• Problem: Copy the material below exactly, but only from the line with "Hace 75 años, el" onward, the final line included.

• Information supplied:
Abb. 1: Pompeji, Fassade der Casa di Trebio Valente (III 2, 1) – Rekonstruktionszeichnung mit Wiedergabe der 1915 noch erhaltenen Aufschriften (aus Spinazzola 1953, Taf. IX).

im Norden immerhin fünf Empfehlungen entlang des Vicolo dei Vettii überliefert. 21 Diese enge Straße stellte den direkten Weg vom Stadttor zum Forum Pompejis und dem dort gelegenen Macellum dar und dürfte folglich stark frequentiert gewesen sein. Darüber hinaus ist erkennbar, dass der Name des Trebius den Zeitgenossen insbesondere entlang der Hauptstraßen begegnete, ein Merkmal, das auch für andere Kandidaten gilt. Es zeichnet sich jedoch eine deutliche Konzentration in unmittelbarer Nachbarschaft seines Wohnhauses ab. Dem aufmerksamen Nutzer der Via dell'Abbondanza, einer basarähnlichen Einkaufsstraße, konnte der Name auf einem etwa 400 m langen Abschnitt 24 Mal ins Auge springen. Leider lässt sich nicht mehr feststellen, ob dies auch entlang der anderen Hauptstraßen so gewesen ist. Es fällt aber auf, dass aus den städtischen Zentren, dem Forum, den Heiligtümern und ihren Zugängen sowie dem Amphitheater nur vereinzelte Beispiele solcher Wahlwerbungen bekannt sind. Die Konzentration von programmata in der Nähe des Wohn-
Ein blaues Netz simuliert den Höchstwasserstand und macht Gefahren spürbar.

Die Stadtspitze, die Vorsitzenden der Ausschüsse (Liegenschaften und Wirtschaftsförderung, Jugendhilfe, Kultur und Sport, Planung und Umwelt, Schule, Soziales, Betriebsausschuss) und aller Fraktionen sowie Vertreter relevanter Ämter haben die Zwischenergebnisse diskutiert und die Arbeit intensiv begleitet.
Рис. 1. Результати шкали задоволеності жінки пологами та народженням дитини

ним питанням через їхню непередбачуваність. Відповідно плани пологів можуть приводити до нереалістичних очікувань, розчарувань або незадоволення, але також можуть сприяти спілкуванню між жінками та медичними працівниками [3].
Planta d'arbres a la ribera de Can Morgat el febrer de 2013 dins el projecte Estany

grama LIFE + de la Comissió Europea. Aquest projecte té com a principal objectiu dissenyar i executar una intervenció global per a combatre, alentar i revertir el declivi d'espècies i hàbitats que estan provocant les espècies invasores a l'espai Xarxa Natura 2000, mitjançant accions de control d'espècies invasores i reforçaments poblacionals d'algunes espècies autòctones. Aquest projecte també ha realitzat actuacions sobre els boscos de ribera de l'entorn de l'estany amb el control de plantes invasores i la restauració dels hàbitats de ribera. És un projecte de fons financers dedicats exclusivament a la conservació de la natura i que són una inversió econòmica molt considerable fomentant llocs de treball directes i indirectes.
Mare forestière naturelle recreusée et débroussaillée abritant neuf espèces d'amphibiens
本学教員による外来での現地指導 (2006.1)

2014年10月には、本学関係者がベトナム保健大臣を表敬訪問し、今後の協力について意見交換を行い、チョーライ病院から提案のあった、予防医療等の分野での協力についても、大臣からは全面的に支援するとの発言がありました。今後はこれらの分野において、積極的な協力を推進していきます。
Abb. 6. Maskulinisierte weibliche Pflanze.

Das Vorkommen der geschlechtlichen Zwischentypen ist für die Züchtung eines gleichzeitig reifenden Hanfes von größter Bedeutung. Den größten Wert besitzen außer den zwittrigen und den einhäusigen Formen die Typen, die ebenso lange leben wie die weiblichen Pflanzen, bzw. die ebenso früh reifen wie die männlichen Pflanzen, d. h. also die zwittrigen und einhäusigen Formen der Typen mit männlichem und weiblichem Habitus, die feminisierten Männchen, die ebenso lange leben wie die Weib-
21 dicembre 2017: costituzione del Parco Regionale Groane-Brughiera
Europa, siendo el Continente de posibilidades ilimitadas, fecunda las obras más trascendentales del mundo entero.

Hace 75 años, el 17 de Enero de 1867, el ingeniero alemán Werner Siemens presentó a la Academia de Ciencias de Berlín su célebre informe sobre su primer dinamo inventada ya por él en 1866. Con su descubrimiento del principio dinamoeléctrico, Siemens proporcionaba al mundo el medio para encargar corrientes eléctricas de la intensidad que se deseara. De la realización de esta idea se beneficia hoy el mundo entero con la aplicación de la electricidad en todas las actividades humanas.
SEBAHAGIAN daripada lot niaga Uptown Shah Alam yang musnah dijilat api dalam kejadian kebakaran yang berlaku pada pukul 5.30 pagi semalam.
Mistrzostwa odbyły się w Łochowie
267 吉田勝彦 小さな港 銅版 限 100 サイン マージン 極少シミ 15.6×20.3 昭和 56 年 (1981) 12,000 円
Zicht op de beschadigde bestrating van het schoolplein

• Solved problem:
Hace 75 años, el 17 de Enero de 1867, el ingeniero alemán Werner Siemens presentó a la Academia de Ciencias de Berlín su célebre informe sobre su primer dinamo inventada ya por él en 1866. Con su descubrimiento del principio dinamoeléctrico, Siemens proporcionaba al mundo el medio para encargar corrientes eléctricas de la intensidad que se deseara. De la realización de esta idea se beneficia hoy el mundo entero con la aplicación de la electricidad en todas las actividades humanas.
SEBAHAGIAN daripada lot niaga Uptown Shah Alam yang musnah dijilat api dalam kejadian kebakaran yang berlaku pada pukul 5.30 pagi semalam.
Mistrzostwa odbyły się w Łochowie
267 吉田勝彦 小さな港 銅版 限 100 サイン マージン 極少シミ 15.6×20.3 昭和 56 年 (1981) 12,000 円
Zicht op de beschadigde bestrating van het schoolplein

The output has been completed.